De quoi se privent les Suisses à ses yeux? D’un temps précieux qui ne reviendra pas et de la possibilité de soutenir la gent féminine. «Sans compter que l’homme a tout intérêt à s’investir davantage dans la période initiale pour construire la relation avec son enfant», explique Roger Weilenmann.
Lequel se dit convaincu que l’employeur y trouve aussi son compte: «Un père qui se présente à son travail au lendemain d’une naissance ne travaille pas à 100%.» Il a l’esprit à sa famille, chez lui…
Un an en Corée du Sud
De l’autre côté du globe, nous sommes vendredi soir. Bernhard Egger, assis à son bureau de Séoul, prend le temps, juste avant le week-end, de nous entretenir de la même thématique du congé paternité. Sur la liste de l’OCDE, la Corée du Sud arrive bonne première à ce jeu.
Bernhard Egger, 45 ans, a émigré en 2003 et travaille depuis 2011 à l’Université nationale de Séoul comme professeur d’informatique. Né à Langnau, il est marié à une Sud-Coréenne et père de deux enfants de cinq et sept ans.
Dans son pays d’élection, les pères ont droit à 10 jours de congé après la naissance du bébé et les mères 90 jours – il s’agit des congés pater/maternité à proprement parler. Ensuite, le couple peut prendre un congé dit de prise en charge de l’enfant. Chaque parent a deux ans à disposition au maximum, dont un entièrement payé. Un droit à faire valoir jusqu’à la huitième année de vie de l’enfant.

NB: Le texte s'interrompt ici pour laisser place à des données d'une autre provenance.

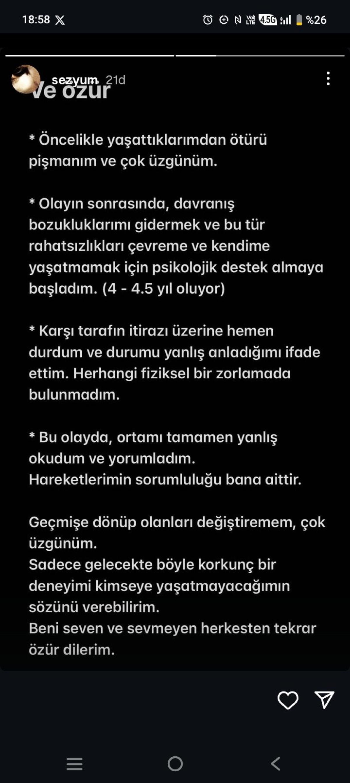 Bunun akabinde de Sezyum, Instagram'dan sürpriz bir paylaşım yaparak hakkındaki taciz iddiasını kabul etti.

Bernhard Egger ne l’a pas sollicité: «Dans un environnement de recherche universitaire, vous ne pouvez pas vous permettre de demeurer en retrait pendant un an et de ne pas publier de papier.» Il faut dire aussi que le Suisse est responsable d’étudiants en doctorat qui ont besoin de supervision. Mais il jouit d’une grande liberté dans son travail et peut suppléer son épouse le cas échéant.
Cela dit, il en est persuadé, en Suisse aussi, le législateur ferait bien d’entériner le principe du congé paternité: «Si, jeune homme, on peut effectuer quatre semaines de service militaire par an, un congé paternité de deux semaines doit aussi être possible.»
Hors du champ universitaire, Bernhard Egger a pu observer le large usage qui est fait du congé paternité: «Bien souvent toutefois, la durée d’absence de l’employé est négociée avec son employeur.»
De manière générale, la Corée du Sud se montre généreuse avec ses travailleurs. L’Etat finance par exemple la garde des enfants ou octroie aux femmes un vendredi libre par mois, explique le professeur et directeur du groupe de recherche Computer Systems and Platforms. Une approche qui, à terme, devrait également permettre de contrecarrer le taux de natalité maigrichon prévalant dans ce pays d’Asie.